Let $U \sim \mathcal{E}(1)$ (exponential random variable with parameter $1$) and $V$ a uniform distributed random variable on $(0,1)$.
We assume that $U$ and $V$ are independent.
Define $X: = \sqrt{U}\cos(2\pi V)$ and $Y: = \sqrt{U} \sin(2\pi V)$.
I have to compute the distribution of $(X,Y)$.
Now what they do is the following:
Let $\phi: \mathbb{R}^2 \to \mathbb{R}_+$ be measurable.
$\mathbb{E}[\phi(X,Y)] = \int_0^{+\infty} \int_0^1 \phi(\sqrt{u} \cos(2\pi v), \sqrt{u} \sin(2\pi v)) e^{-u} du dv$
I don't how to derive this, the remaining steps are clear to me. I'm aware of the formula:
$\mathbb{E}[f(X)] = \int_Ef(X) d \mathbb{P}_X(X)$ but I don't how this was applied to my case.
I know that the denisty of $U$ is $e^{-x}$ and the one of $V$ is $1_{[0,1]}$ (indicator function).

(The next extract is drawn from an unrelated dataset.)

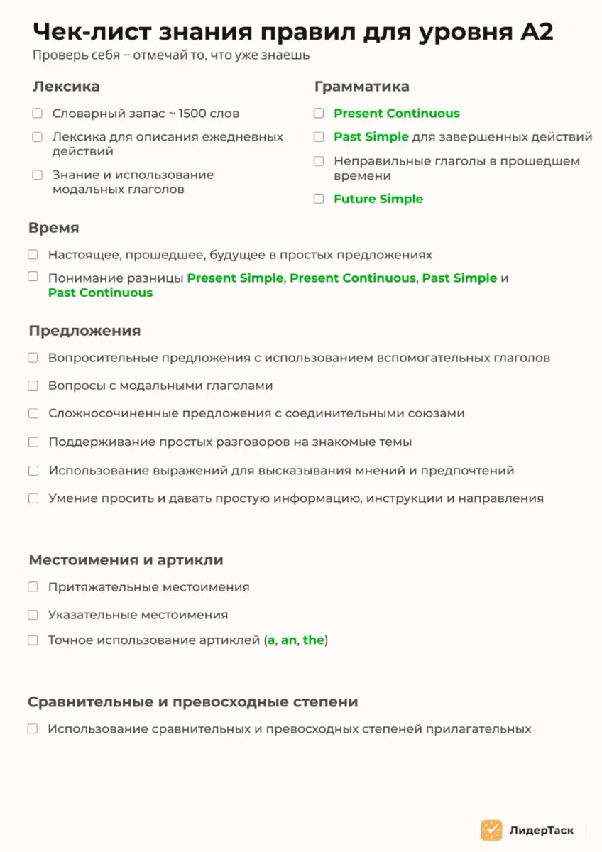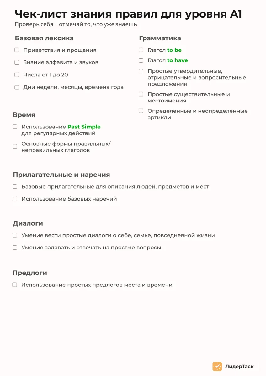 Этот чек-лист поможет вам систематизировать и проверить свои знания для уровня A1. Отметьте пункты, которые вы уже знаете, и используйте это как руководство для дальнейшего обучения, если только начинайте изучать язык.
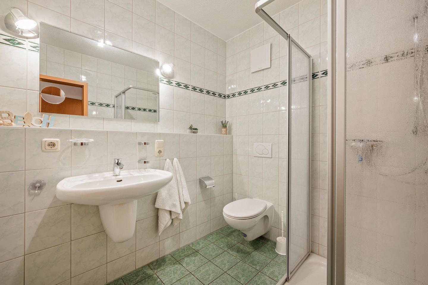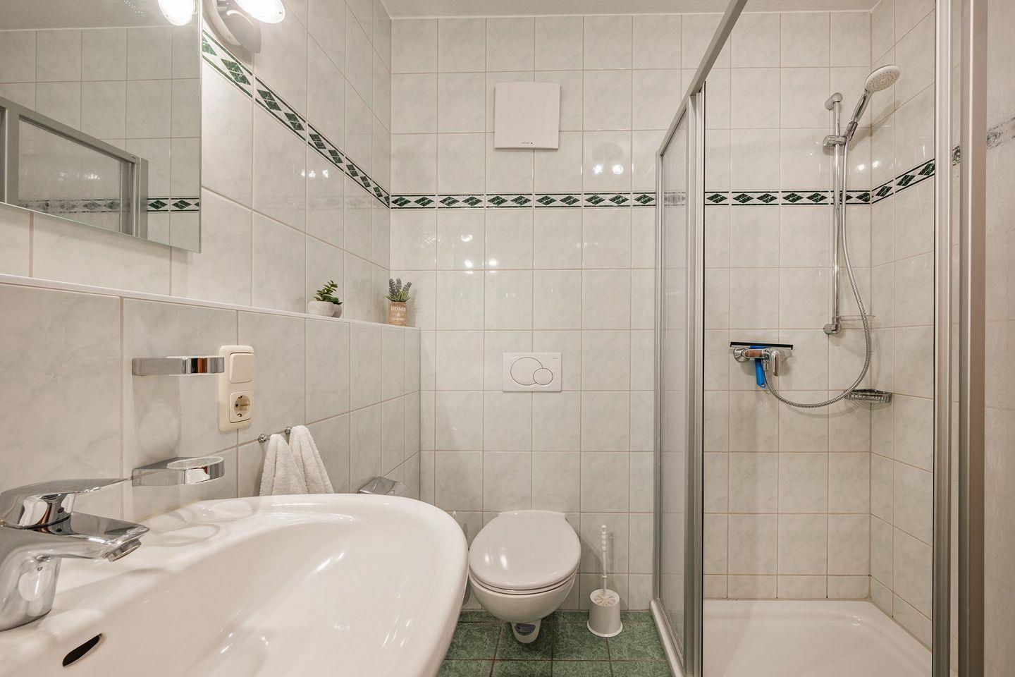 Das Badezimmer ist mit einer Dusche ausgestattet und bietet Ihnen alles, was Sie für einen angenehmen Start in den Tag benötigen. Zusätzlich stehen Ihnen im Haus eine Waschmaschine und ein Trockner gegen Gebühr zur Verfügung, was besonders für längere Aufenthalte praktisch ist.

And since $U$ and $V$ are by assumption independent we have that the density of $(U,V)$ is $e^{-x}1_{[0,1]}$ (the product of the two densities).
Hint
Let $\varphi :(0,\infty )\times (0,1)\to \mathbb R^2$ defined by $\varphi (u,v)=(\sqrt u\cos(2\pi v),\sqrt u\sin(2\pi v))$, i.e. $(X,Y)=\varphi (U,V)$.
$$\mathbb P\{(X,Y)\in B\}=\mathbb P\{(U,V)\in \varphi ^{-1}(B)\}=\int_{\varphi ^{-1}(B)}f_{(U,V)}(u,v)dudv=\int_Bf_{(U,V)}(\varphi ^{-1}(x,y))|J_{\varphi ^{-1}(x,y)}|dxdy.$$
Therefore $$f_{(X,Y)}(x,y)=f_{(U,V)}(\varphi ^{-1}(x,y))|J_{\varphi ^{-1}(x,y)}|,$$
where $J_{g(s,t)}$ denote the jacobian of the function $g$ at $(s,t)$. Just compute $\varphi ^{-1}$ and you are done.